However, at higher frequencies discontinuities appear along the curve. These peaks represent the amplitudes of the natural modes of the table. The first dominant resonance may be the torsional or bending mode; other modes and harmonics will follow after the dominant modes. The reason honeycomb is preferred over granite in many applications is that the higher stiffness-to-weight ratio produces resonance modes at higher frequencies.
For a given force input granite may move less as a rigid body at low frequencies when compared to honeycomb, but the natural modes of the honeycomb are usually much higher in frequency. Moving these modes to higher frequencies offers three primary advantages:
- Less environmental vibration is usually present at higher frequencies
- A given acceleration (force) produces less displacement (deflection) at higher frequencies
- Isolation systems are more effective at higher frequency
The compliance curve also gives information about the damping built into the structure. Damping reduces the amplitude of the relative motion across the table work surface. If the peaks are very sharp, little damping is present. In general, honeycomb structures have more inherent damping than granite structures. As a result, even though a granite structure may have lower absolute compliance than a honeycomb structure, the damped honeycomb structure generally has less relative motion between points on its surface. Honeycomb tables offer different flavors of damping.
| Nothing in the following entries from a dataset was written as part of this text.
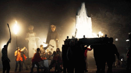 庆典上,人们围绕着恐怖的巨型人偶,欢呼雀跃。
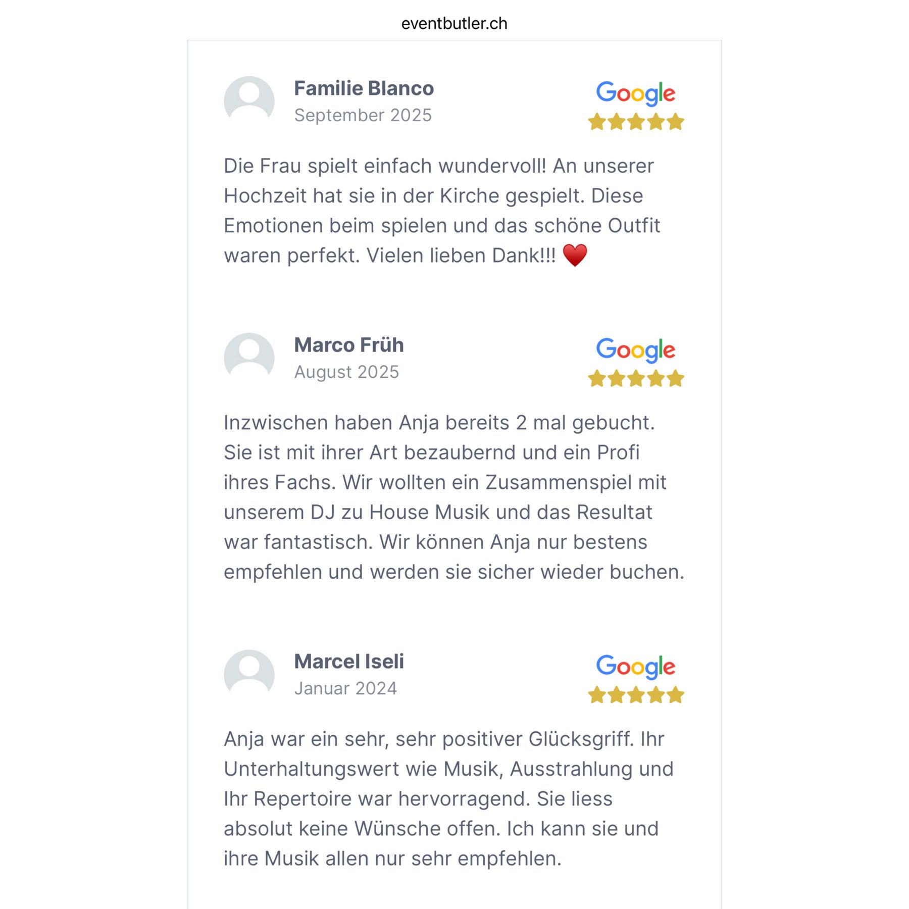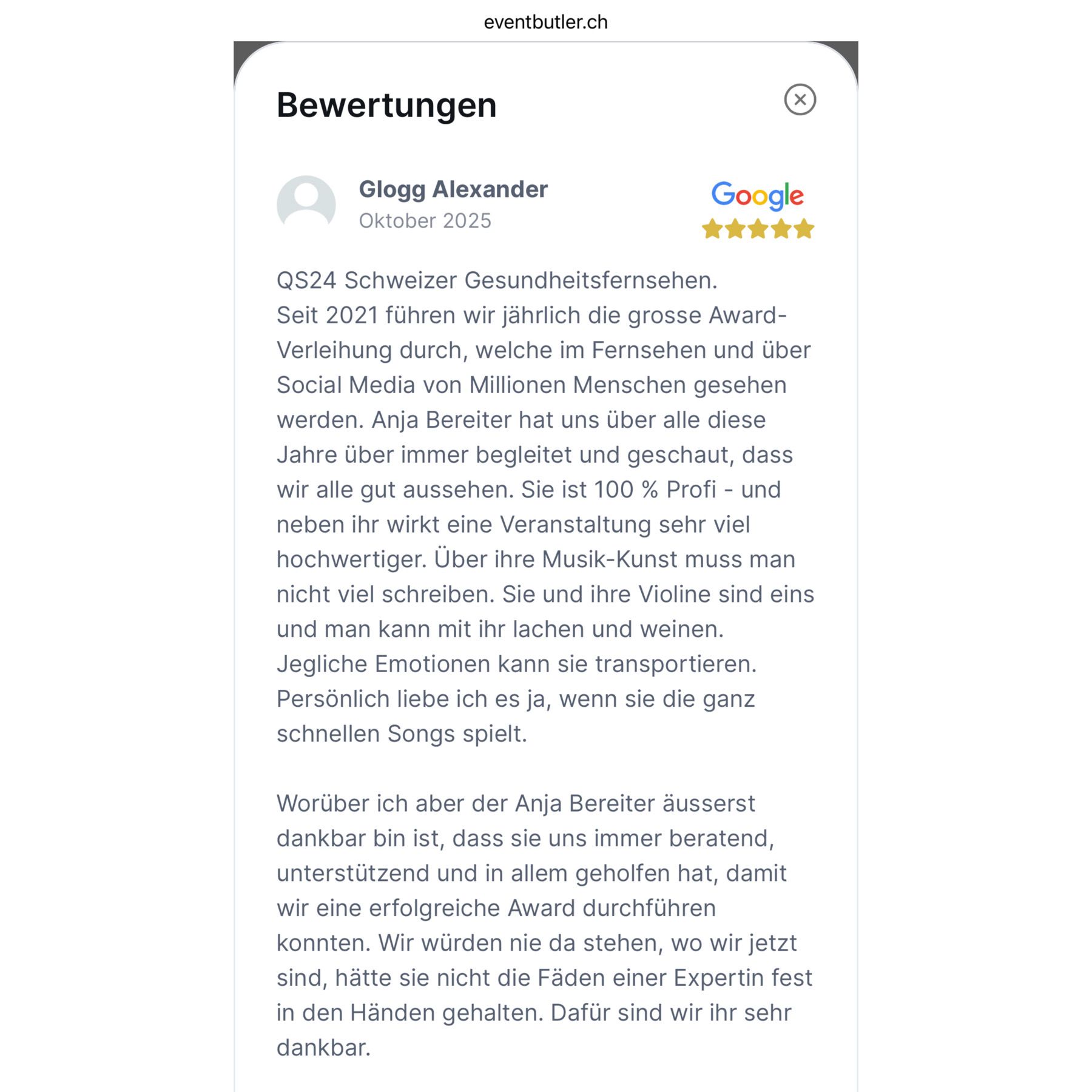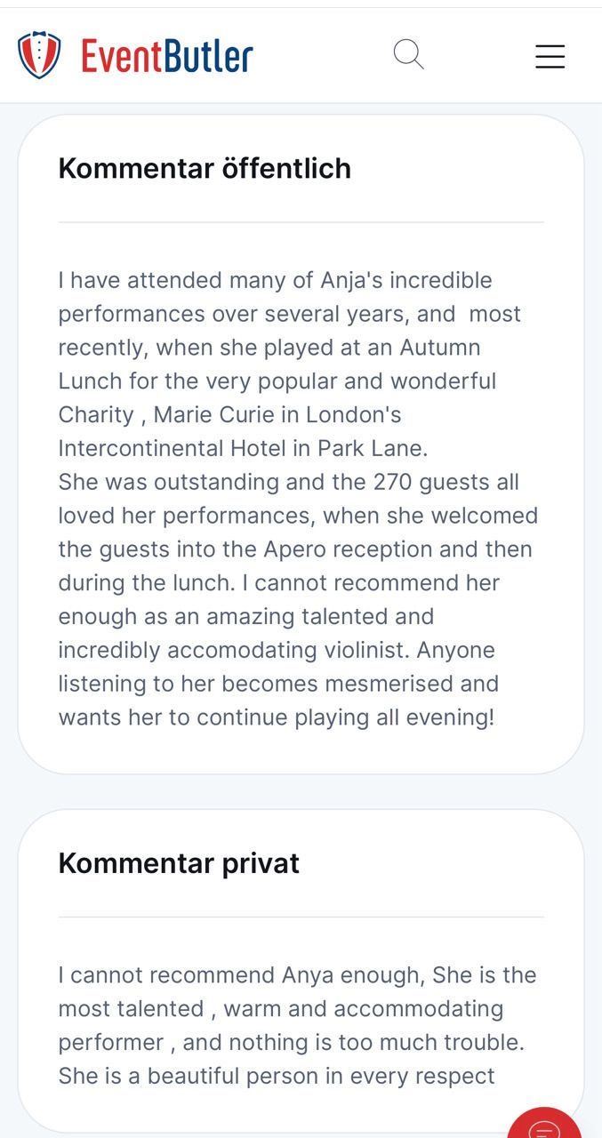 Externe Bewertungen für Anja Bereiter, Violinistin - https://www.eventbutler.ch/de/geigerin-violin-show-eventmusik-violinistin-e-violinistin
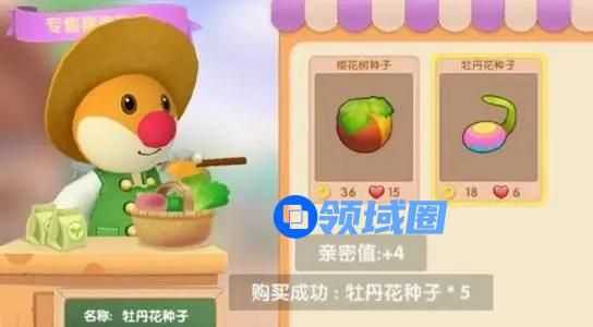 玩家通过购买到一些牡丹花种子,还可以获得一定的亲密度。
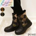 送料無料 ブーツ エスタシオン 靴 レディース estacion 本革 ショート ミドル 歩きやすい マルチ エンジニア パッチワーク レザー ローヒール / fc103

Broadband damping techniques are somewhat effective at reducing relative motion across a wide frequency band. Narrowband damping techniques can virtually eliminate a natural mode (or modes) altogether. For a damped table, the compliance curves exhibit rounder, less prevalent discontinuities.
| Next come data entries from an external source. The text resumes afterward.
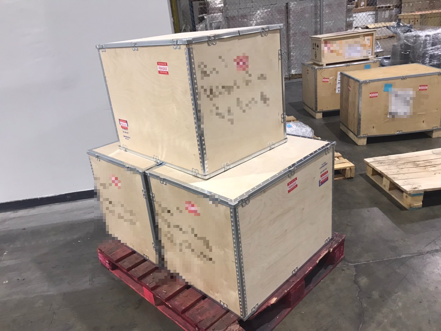 右圖是美國客人想要搬運實驗室器材跟化妝品類商品,委託我們上門取貨後訂製特殊煙燻木箱,進行防潮防撞處理,機器等在加州洛杉磯倉庫的照片
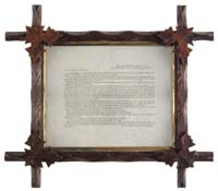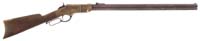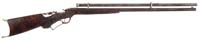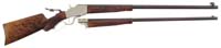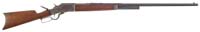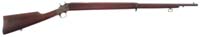 EXPERIMENTAL OR PROTOTYPE WINCHESTER MODEL 01 LEVER ACTION SHOTGUN. Only specimen in existence we know of. Cal. 10 ga. SN 77878. Standard grade shotgun with 32” plain rnd bbl, sgl bead, half magazine, mounted with uncheckered, slab sawed, American walnut with forearm side panels between the bbl & magazine tube and rnd knob pistol grip stock, 13-1/4” over a Winchester embossed hard rubber buttplate. Left side of receiver has the intertwined “WRACO” initials. Receiver has unique feature of a raised area, approx. 3/8” high with tapered sides and a concave groove in top. This was apparently an attempt at a sight or may have been a receiver intended for use with the experimental 70-150 cartridge. CONDITION: Fine to very fine. Bbl retains 92-93% strong orig blue with some scrapes & scratches and thin spots over forearm area. Magazine tube retains about 85% strong orig blue with wear, scrapes & scratches over back 1/3. Receiver retains 85-90% strong orig blue with some fine pitting on left side and fine pinpoints of rust on right side. Wood is sound with left side panel showing moderate to heavy wear and some oil staining on right side. Buttstock has a series of five small dents on left side, otherwise with light handling & use marks and wood overall retains a smooth, hand worn patina. Mechanics are fine, bright shiny bore with some minor orange peel effect, just in front of chamber. 4-59218 JR651 (6,000-10,000)
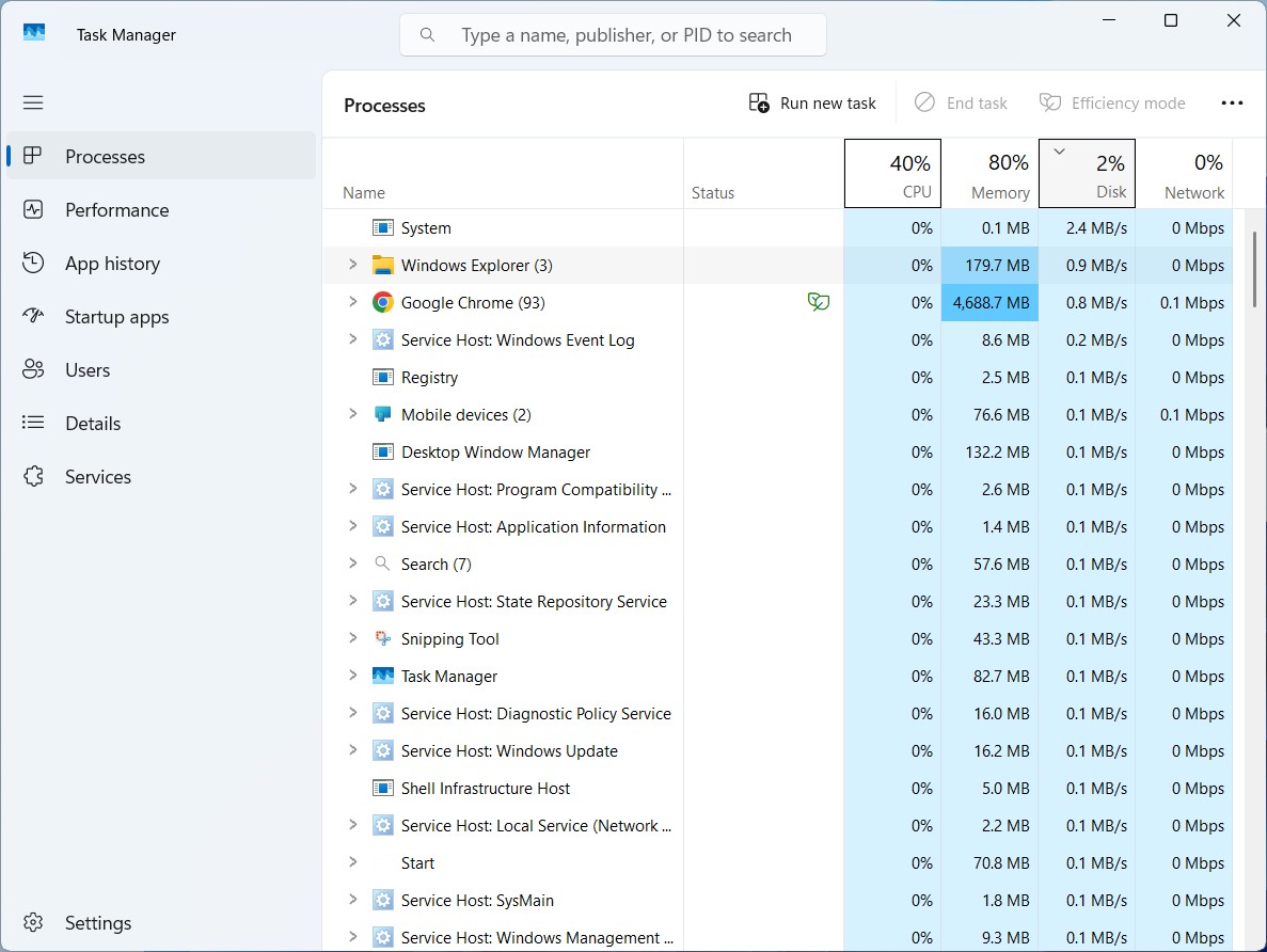 • مرة أخرى، راقب مدير المهام. إذا انخفض استخدام القرص، فهذه الخدمة هي السبب المحتمل، خاصة إذا كان قرصك من نوع HDD.

- What Compliance Curves Tell You Compliance curves tell you the frequency range over which the optical table acts as an essentially rigid body. The curve also provides the frequency of primary resonance modes and an indication of their relative amplitudes.
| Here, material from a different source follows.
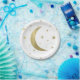 Whimsical Light Blue & Gold Moon Stars Baby Dusche Pappteller
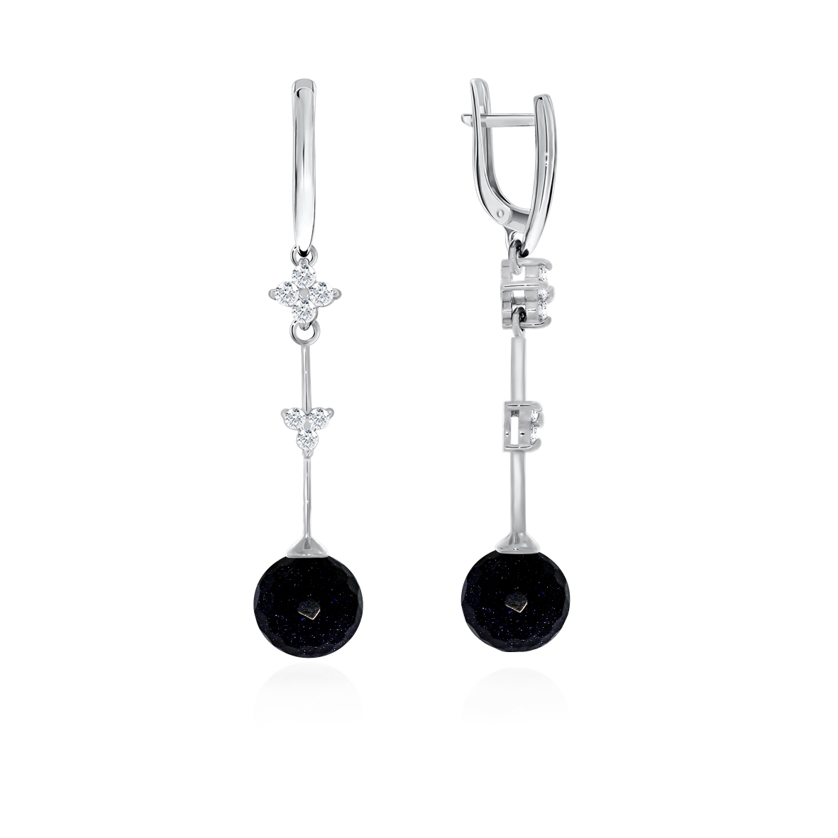 Серьги для женщин из серебра 925 пробы с синтетическими авантюринами,фианитами из коллекции Magic stick артикул 2340360657-80 от компании KRASNOE

- What Compliance Curves Don’t Tell You Compliance curves only give the response at the points measured—not at all points where optical components will be mounted. The most effective measure of worst case deflection for rectangular structures is to place the sensor at the center of the table and/or in the corners. These measure the dominant torsional and bending modes. If the sensors are placed at antinodes (where little motion is present), even a poorly designed structure will look very good. For this reason some manufacturers will not offer compliance curves while others are quite liberal in their sensor placement.
Compliance curves also do not provide any information about static deflection, surface damping effects, table flatness, internal stresses and thermal response characteristics. These measures must be obtained from the manufacturer or measured in-situ in the application.